For seasonal correlation, the data were summed into seasonal averages for the LST, NDVI, EVI and LAI variables. These monthly averages were calculated for the periods: JFM (January, February and March), AMJ (April, May and June), JAS (July, August and September) and OND (October, November and December). To analyze the variability of the indices over time, the average value of all pixels in the CICS was calculated, as carried out in previous works [15].
In Google Earth Engine (GEE) [49,50], spatial correlation was performed between the values of the variables pixel by pixel. Surface temperature and LAI data were resampled to 250 m. To calculate the correlation, the ee.Reducer.pearsonsCorrelation reducer (S1) was used, which allows for obtaining Pearson’s Linear Correlation (r) between the annual and seasonal values of the variables [10,48,51]. In this study, the correlation analysis was based on pixels, which means that each pixel has the correlation between vegetation indices and climate variables [15]. The spatial results were later manipulated in QGIS for more detailed analysis and the graphs were generated in Rstudio (2024).

3. Results

3.1. Temporal Correlation of Vegetation Indices with Climate Variables

3.1.1. Annual Temporal Correlation

The temporal analysis of vegetation indices revealed that annual values remained relatively stable in the CICS (Figure 3). The standard deviation for all indices analyzed was low, with an NDVI of 0.02, an EVI of 0.01 and an LAI of 0.20. Likewise, the coefficient of variation showed similar variation, with 2.1% for NDVI, 2.9% for EVI and 4.2% for LAI. The average NDVI and EVI values were 0.8 and 0.5, respectively. The maximum and minimum EVI values were 0.5 and 0.4, respectively, with 85% of years recording an EVI of 0.5 and 15% an EVI of 0.4.
The NDVI had a minimum value of 0.7 (5%) and a maximum value of 0.8 (95%). The year 2005 recorded the lowest NDVI and EVI values. The LAI showed similar variation, with a minimum value of 3.9 (2005), a maximum of 4.6 (2014) and an average value of 4.3, which represents 25.3% of the data. The correlations of annual values between NDVI and EVI values and LST were not statistically significant (p-value > 0.05) and were weak (Figure 4). Thus, LST showed a positive correlation with NDVI (r = 0.15) and EVI (r = 0.11).

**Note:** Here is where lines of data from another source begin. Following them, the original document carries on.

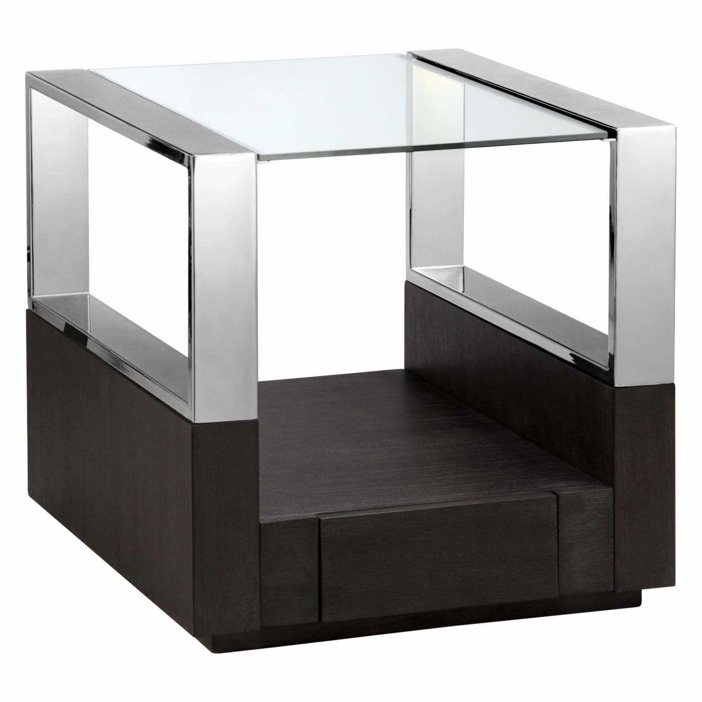 With its sleek and sophisticated design, the Magnussen Revere Contemporary Glass Top End Table with Storage is the perfect choice for your modern home. This two-toned end table boasts chrome end caps and a thick wood base with a deep graphite finish. A single storage drawer in the bottom, open shelving in the center, and a clear glass top brings the piece together for a functional work of art.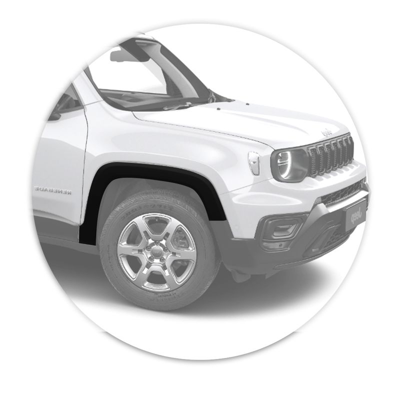 Alargador de Paralamas Renegade 2016 a 2025 Dianteiro Direito Preto - DTS O Alargador de Paralamas foi desenvolvido, para a substituição da peça original danificada, tendo como objetivo proteger o parachoque original e evitar possíveis danos proporcionando um visual com design único. Desenvolvido pela DTS, conhecida nacionalmente pela Fabricação em acessórios automotivos, o alargador proporciona ao seu veículo um visual ainda mais completo e robusto. Produto fabricado em Plástico Rígido na cor Preto Texturizado, com material de alta resistência e durabilidade, de modo que não haja corrosão, ressecamento e desgaste com o tempo, sendo um produto de alta demanda na linha de acessórios automotivos. Vale ressaltar que esta moldura não aceita pintura na cor do veículo! Instalado no para-lamas Dianteiro Direito (Passageiro), preserva a originalidade do veículo, não sendo necessário realização de furos para a fixação do produto. Especificações Técnicas: Aplicação: Dianteiro Direito (Passageiro) Design esportivo e elegante Não acompanha Kit Instalação Produto de alta qualidade Resistente ao Sol e a Chuva Fácil Instalação Encaixe perfeito Plastico Rigido Cor Preto Texturizado Não aceita pintura automotiva Tabela de Aplicação: Jeep Renegade 2016 Renegade 2017 Renegade 2018 Renegade 2019 Renegade 2020 Renegade 2021 Renegade 2022 Renegade 2023 Renegade 2024 Renegade 2025 Compatível com todas as versões 4x2 e 4x4.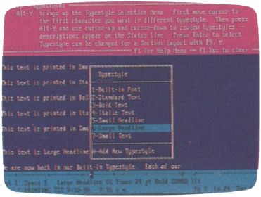 All of the different section layouts can be scrolled through and then used, edited, or copied. The program ties style sheets to the documents by filename extension so the same style sheet can be used with other documents. If, for example, you create a style sheet for a proposal in the file BILL.PRO, you can use the same style sheet when you write another proposal simply by using the same extension. Call your new proposal TOM.PRO, and you're in business. Now you can concentrate on the content of this winning proposal rather than on its format.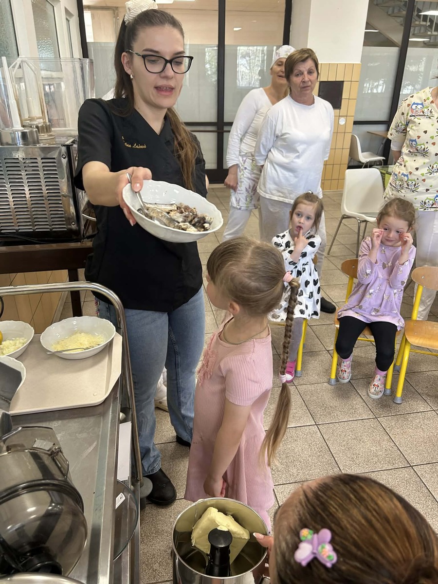 Dnes sme s deťmi zažili krásnu a poučnú akciu v školskej jedálni ????️ Pani kuchárky nám ukázali, čo všetko ich práca obnáša a s akou starostlivosťou pripravujú jedlá každý deň. Deti si mali možnosť vyskúšať pripraviť svoju vlastnú obľúbenú nátierku – tentokrát to bola sardinková so syrom ???????? Deti boli veľmi zvedavé, aktívne a práca v kuchyni ich naozaj bavila. Na záver boli všetky odmenené krásnymi medailami ???? a my sme od nich dostali milé kresby, ktoré nás veľmi potešili ❤️ Ďakujeme pani kuchárkam za ich čas, trpezlivosť a skvelý zážitok!

3.1.2. Seasonal Temporal Correlation

In seasonal periods (JFM, AMJ, JAS and OND), vegetation indices also showed little variation. The LAI showed a greater variation in the JFM and OND periods, with σ = 0.5 and CV = 10.2% and 13.6%, in that order, and lower in AMJ and JAS with σ = 0.4 and 0.3 and CV = 8.3%, in order. Considering the CV, the JAS and OND periods had higher values for NDVI and EVI, with CV between 4.3% and 5.3% (Table 1).
The lowest NDVI value was 0.6 in the OND quarter (1.6% of the data). The highest NDVI value was 0.8 (76.3%). The EVI varied between 0.4 and 0.5, corresponding to 32.8% and 67.1%, in that order. Therefore, it is observed that the maximum values of EVI and NDVI corresponded to all months of the quarters.
The LAI showed greater variability in the CICS. The minimum value was 3.0 (1.3%) and the maximum value was 5.6 (1.3%). In the OND and JAS periods, the average LAI value was 4.0 and 5.2%, while in the JFM and AMJ periods, the average LAI value was 4.6 (9.2%).
In the AMJ (Figure 5) and JAS (Figure 6) quarters, the correlations between the NDVI, EVI and LST were weak and without statistical significance. However, the correlation of LAI and LST was 0.53 (p-value < 0.05) (Figure 6c). In the OND period, vegetation indices and LST had negative and weak correlations (EVI r = −0.15 and LAI r = −0.13) (Figure 6f). Also in this period, EVI has the best response compared to NDVI for CICS.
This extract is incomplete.